GIVEN DATA:
-- Opening Marker --
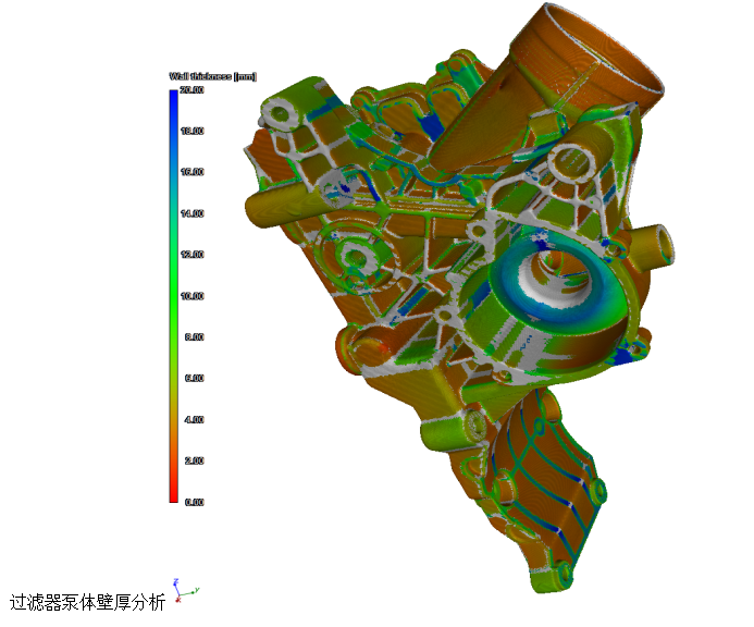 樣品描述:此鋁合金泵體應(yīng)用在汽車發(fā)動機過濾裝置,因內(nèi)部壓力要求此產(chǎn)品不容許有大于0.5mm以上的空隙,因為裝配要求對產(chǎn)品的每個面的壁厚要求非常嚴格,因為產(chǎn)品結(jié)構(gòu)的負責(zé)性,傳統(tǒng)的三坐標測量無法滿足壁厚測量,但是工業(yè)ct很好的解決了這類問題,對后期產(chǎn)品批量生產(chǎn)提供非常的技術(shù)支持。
-- Closing Marker --
-- Opening Marker --
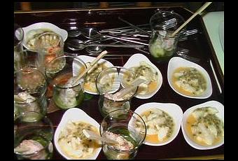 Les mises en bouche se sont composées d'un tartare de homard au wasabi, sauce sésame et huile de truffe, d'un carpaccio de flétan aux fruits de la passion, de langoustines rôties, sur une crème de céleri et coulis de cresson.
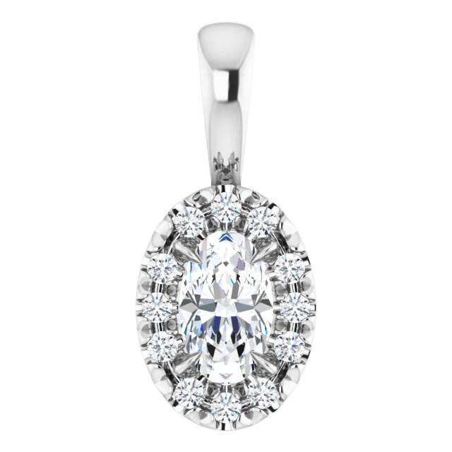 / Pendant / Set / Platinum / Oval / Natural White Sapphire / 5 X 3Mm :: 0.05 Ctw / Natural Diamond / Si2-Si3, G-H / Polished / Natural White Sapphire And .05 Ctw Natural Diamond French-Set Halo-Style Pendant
-- Closing Marker --
WHAT IS BEING ASKED:
Everything from the line above that contains "Les mises en" down to the line that contains "French-Set Halo-Style Pendant" must be reproduced exactly, both ends included. Omit the pictures.

EXERCISE RESPONSE:
 Les mises en bouche se sont composées d'un tartare de homard au wasabi, sauce sésame et huile de truffe, d'un carpaccio de flétan aux fruits de la passion, de langoustines rôties, sur une crème de céleri et coulis de cresson.
 / Pendant / Set / Platinum / Oval / Natural White Sapphire / 5 X 3Mm :: 0.05 Ctw / Natural Diamond / Si2-Si3, G-H / Polished / Natural White Sapphire And .05 Ctw Natural Diamond French-Set Halo-Style Pendant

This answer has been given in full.